■ **ENTRIES PROVIDED**

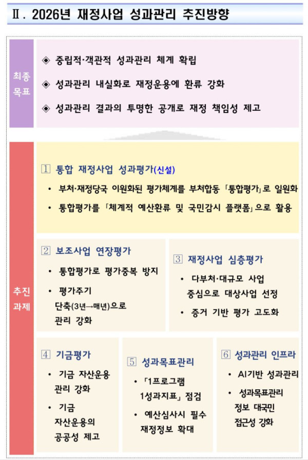 기획예산처는 27일 2026년 재정사업 성과관리 추진계획을 수립하고, 재정 운용 전반에 성과 중심 관리 체계를 본격 적용한다고 밝혔다. 국가재정법 개정에 따라 5년 단위 성과관리 기본계획과 연도별 추진계획 수립이 의무화된 데 따른 조치다.
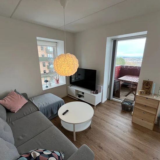 Velkommen indenfor i denne kvalitetsrige lejlighed med en fantastisk udsigt over Aalborg! Lejligheden er 75 kvm, og har en god rumfordeling, hvilket gør den særdeles delevenlig. Den gennemgående stil i lejligheden er moderne, og der er et lyst og indbydende køkken. Der er ligeledes vedligeholdelsesfrie gulve med gulvvarme i hele boligen. Lysindfaldet fra de store vinduer er helt eminent, hvilket skaber en skøn og varm stemning i hjemmet. Ydermere er der adgang til en stor og lækker altan, hvor der er rig mulighed for at nyde udsigten og so...
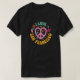 I give wanted to give this a 4 instead of a 5 because these Basic DARK T0shirts run unexpectedly SLIM or Narrow. Which is great if you do not have a potbelly, but I have a paunch. It isn't the shirt's fault that I've got a beer belly. The design and shirt itself is a quality cotton shirt. The color is more of a deep purple, but still a very pretty color. The Basic DARK T-shirts run a bit SLIMMER than the Basic Ts. The neck is a fraction narrower (or seems to be narrower) also. I'm a paunchy middle-aged woman and my neck is 12 inches (31cm) thick and the neckline fell about the same as in the photo of the man, and I had the desire to tug it a bit. So if you're a thick necked man or like loose shirts, be aware these are slimmer shirts. Once I get rid of my lockdown paunch it'll look great. The shirt washed well in cold water with no apparent bleeding. We don't have a dryer, so it hung dry. Did not shrink. Love the colors and the design. The design looks smaller on my shirt than it does on the model on-line. But still, it looks good on the shirt. The printing looks as it does on the model, just the size seems fractionally smaller. Washed garment in cold water, hung dry and design appeared unaffected.
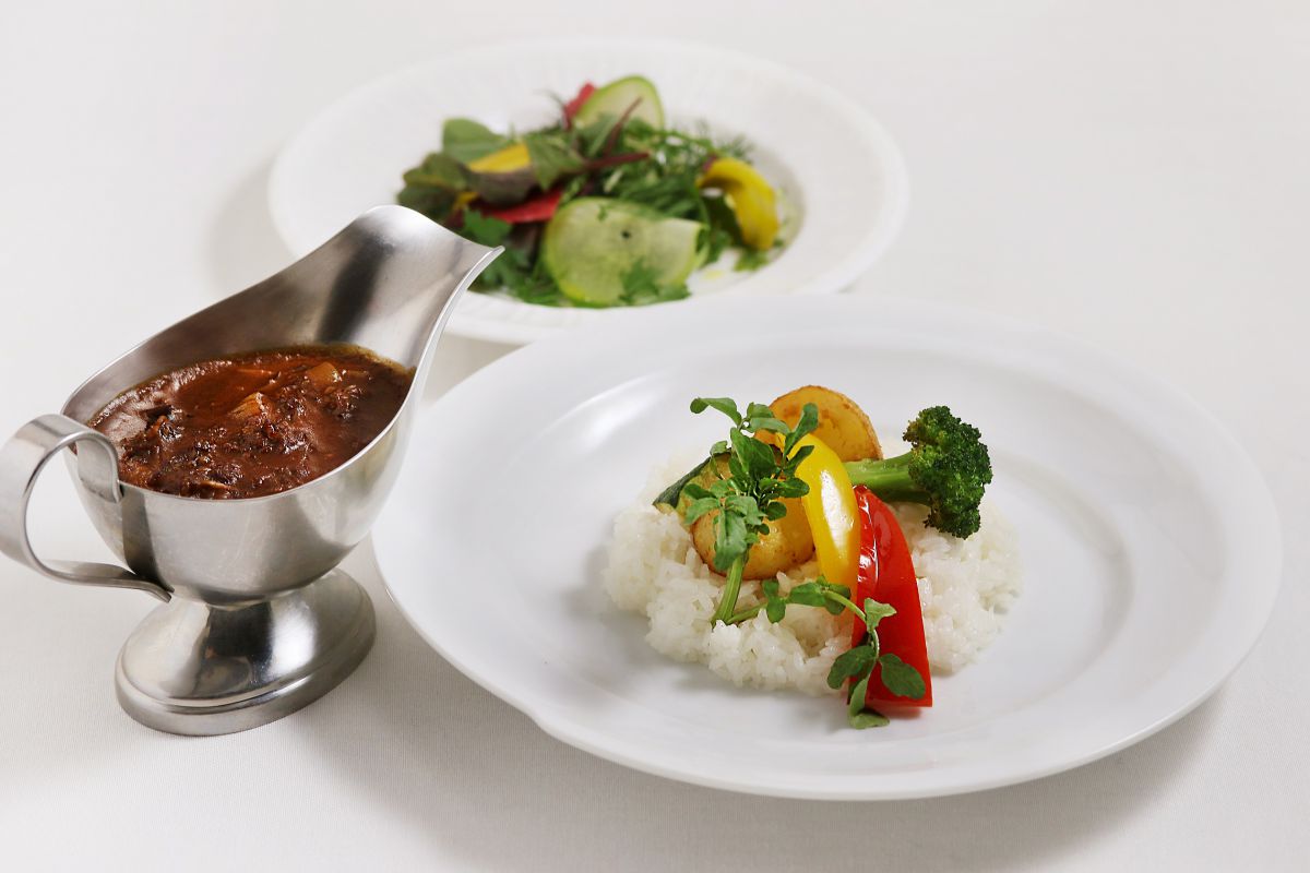 「じっくり煮込んだハヤシライス」サラダ付き1550円は、牛肉をじっくり煮込んでいて、酸味と甘みのバランスが絶妙。Café1894定番の人気メニューです。月曜日と展示替え期間は1210円になるので、お得な期間にぜひ。
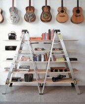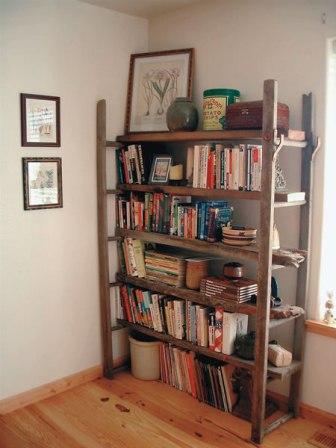 - Open up an old ladder. Use the existing steps as supports for planks to fit across to create a fun bookcase.
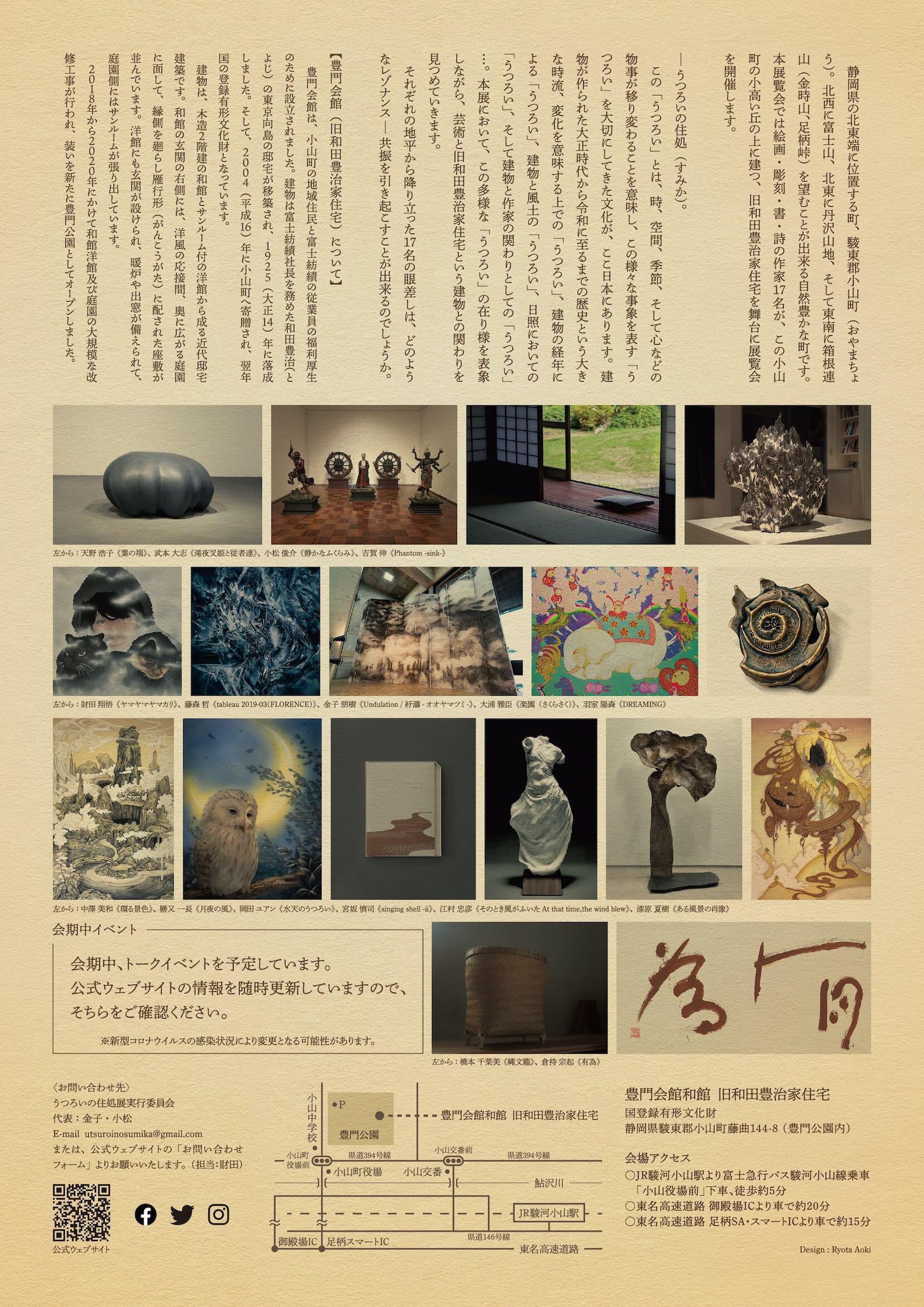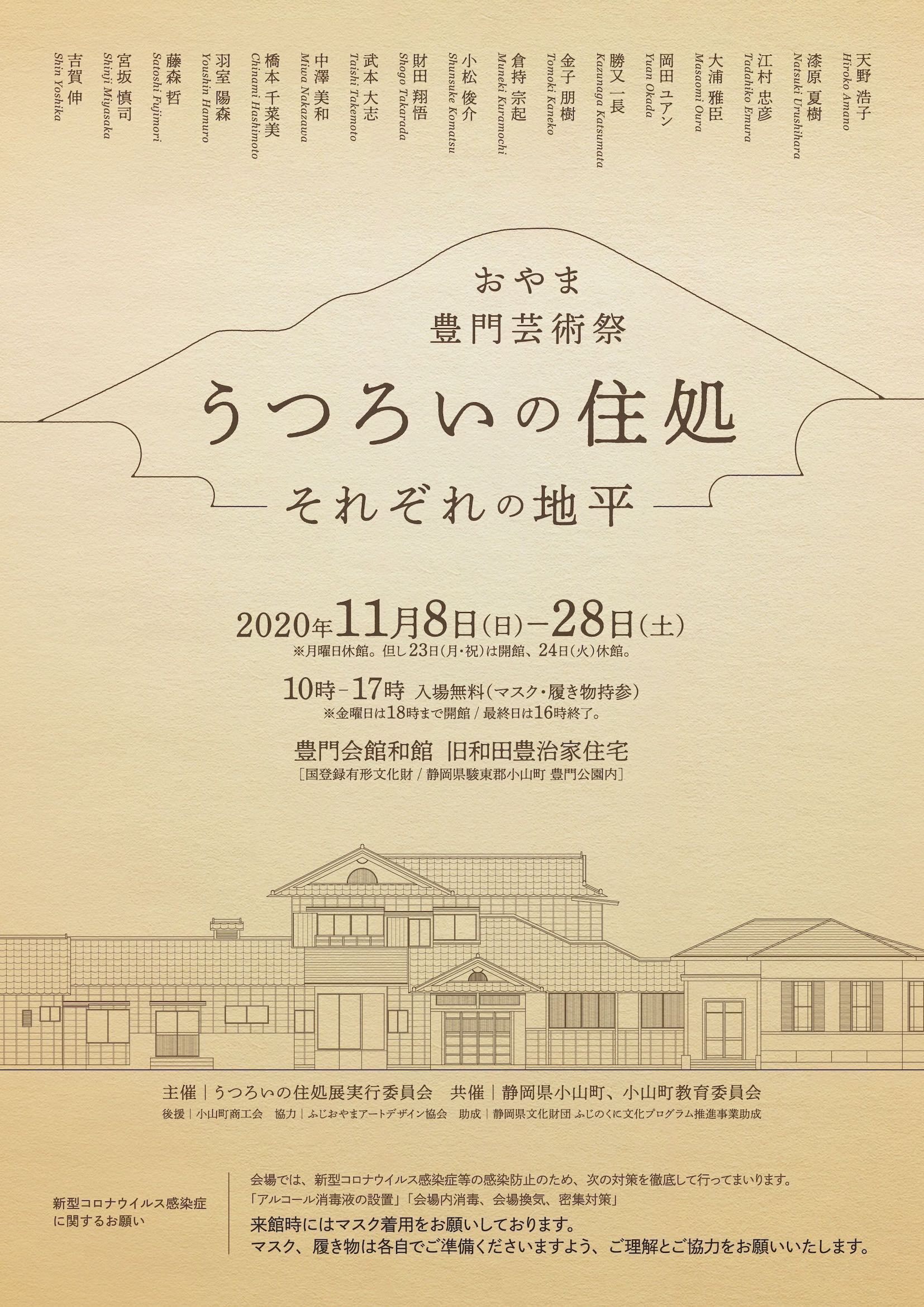 私たち17名の作家は富士の麓にある、豊門会館を舞台に芸術祭を開催いたします。豊門会館は、静岡県駿東郡小山町の豊門公園内にある建物です。豊門会館とは、小山町発祥の紡績会社「富士紡績」(現:富士紡ホールディングス株式会社)の経営危機を救った和田豊治が自身の邸宅を東京から小山町に移築したことで今に伝わります。2019年に豊門会館の改修工事が完了し、2020年同公園内の庭園と西洋館の改修工事が完了し全面的にリニューアルオープンしました。私たち17名の美術作家は純粋に建築空間の魅力に惹かれ、この空間で作品を展示してみたいという思いから展覧会を企画しました。

■ **ACTIVITY**
Once the line containing "- Open up an" has been found, write out exactly that line and each one after it through the end of the data, leaving out every picture.

■ **SOLUTION FOR THIS PROBLEM**
 - Open up an old ladder. Use the existing steps as supports for planks to fit across to create a fun bookcase.
 私たち17名の作家は富士の麓にある、豊門会館を舞台に芸術祭を開催いたします。豊門会館は、静岡県駿東郡小山町の豊門公園内にある建物です。豊門会館とは、小山町発祥の紡績会社「富士紡績」(現:富士紡ホールディングス株式会社)の経営危機を救った和田豊治が自身の邸宅を東京から小山町に移築したことで今に伝わります。2019年に豊門会館の改修工事が完了し、2020年同公園内の庭園と西洋館の改修工事が完了し全面的にリニューアルオープンしました。私たち17名の美術作家は純粋に建築空間の魅力に惹かれ、この空間で作品を展示してみたいという思いから展覧会を企画しました。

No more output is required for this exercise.